=== Begin Enclosure ===
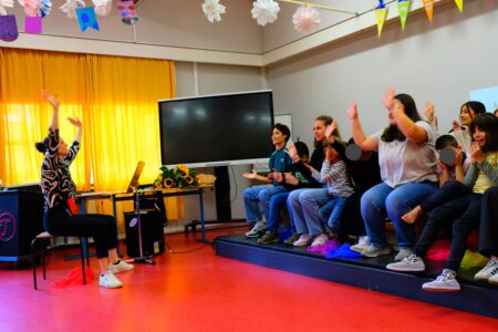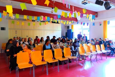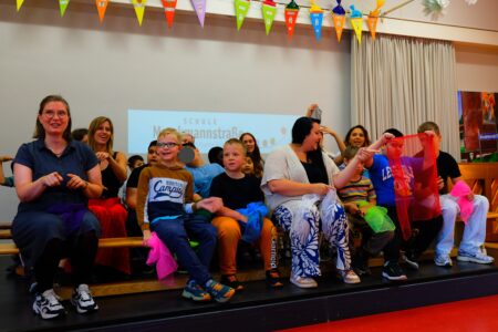 Es gab eine schöne Einschulungsfeier für die neuen Schulkinder: in der bunt geschmückten Aula haben die Unterstufenklassen haben zwei Lieder gesungen. In zwei kurzen Filmen wurde gezeigt, was man in der Schule Marckmannstraße alles so machen kann.
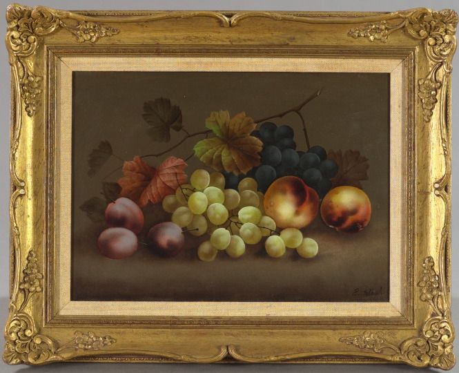 American School (20th Century) "Still Life with Grapes, Plums and Peaches", oil on canvas, 10-3/4" x 15-1/2", signed indistinctly lower right. Presented in a carved giltwood frame with linen liner. American School (20th Century) "Still Life with Grapes, Plums and Peaches", oil on canvas, 10-3/4" x 15-1/2", signed indistinctly lower right. Presented in a carved giltwood frame with linen liner.
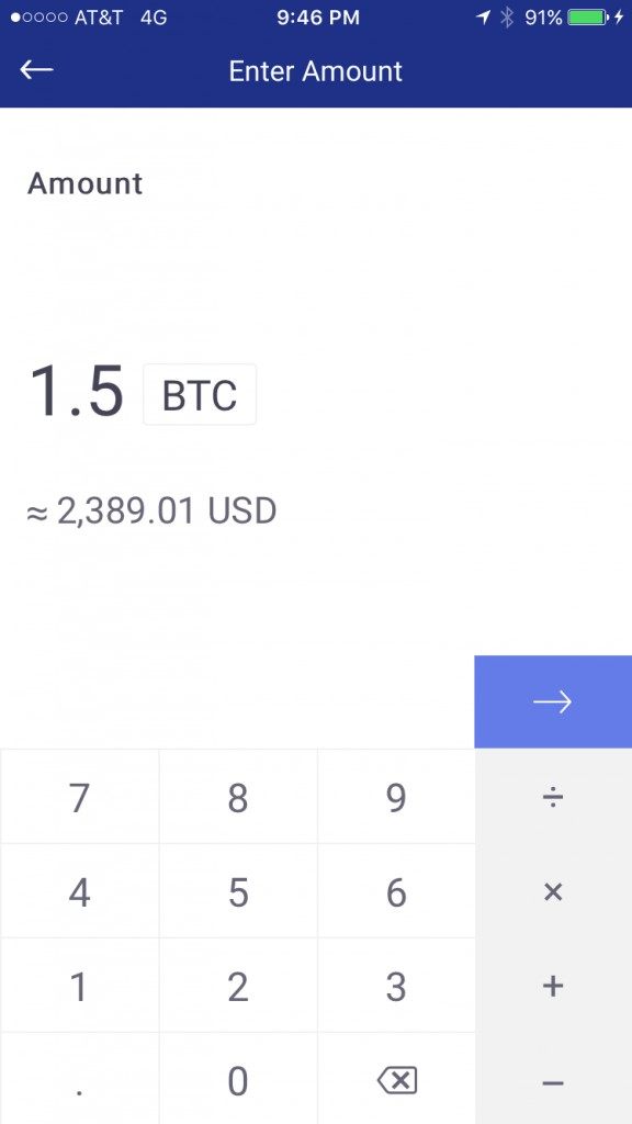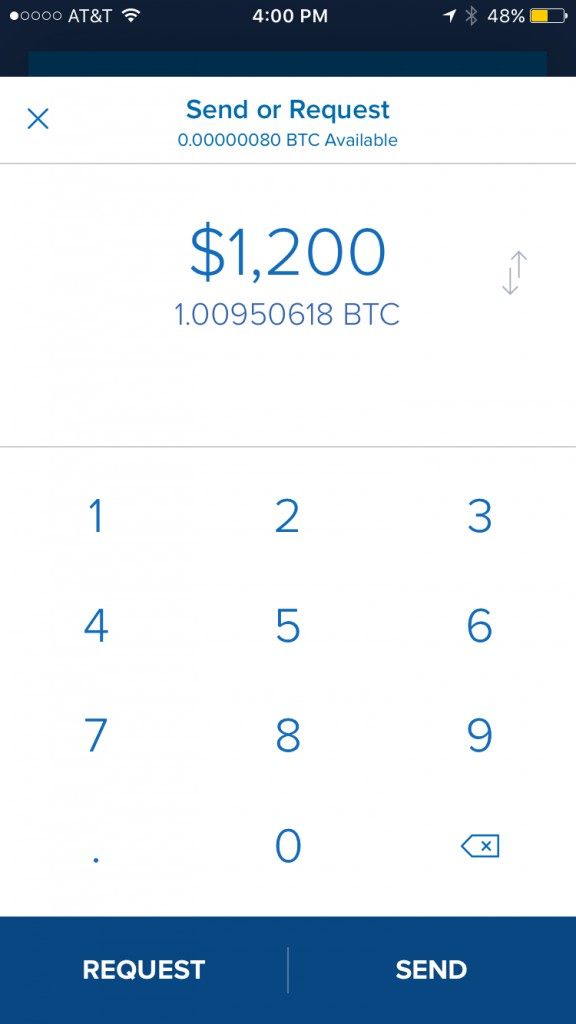 Next, enter the amount of bitcoins you want to send in the BTC or USD field and the current market value will display. Tap “Request” to send the payment request.
=== End Enclosure ===
## Assignment
Transcribe every line from the one containing "linen liner. American" to the end of the listing, exactly and exclusively. Do not carry any picture over.

## Response for this exercise
 American School (20th Century) "Still Life with Grapes, Plums and Peaches", oil on canvas, 10-3/4" x 15-1/2", signed indistinctly lower right. Presented in a carved giltwood frame with linen liner. American School (20th Century) "Still Life with Grapes, Plums and Peaches", oil on canvas, 10-3/4" x 15-1/2", signed indistinctly lower right. Presented in a carved giltwood frame with linen liner.
 Next, enter the amount of bitcoins you want to send in the BTC or USD field and the current market value will display. Tap “Request” to send the payment request.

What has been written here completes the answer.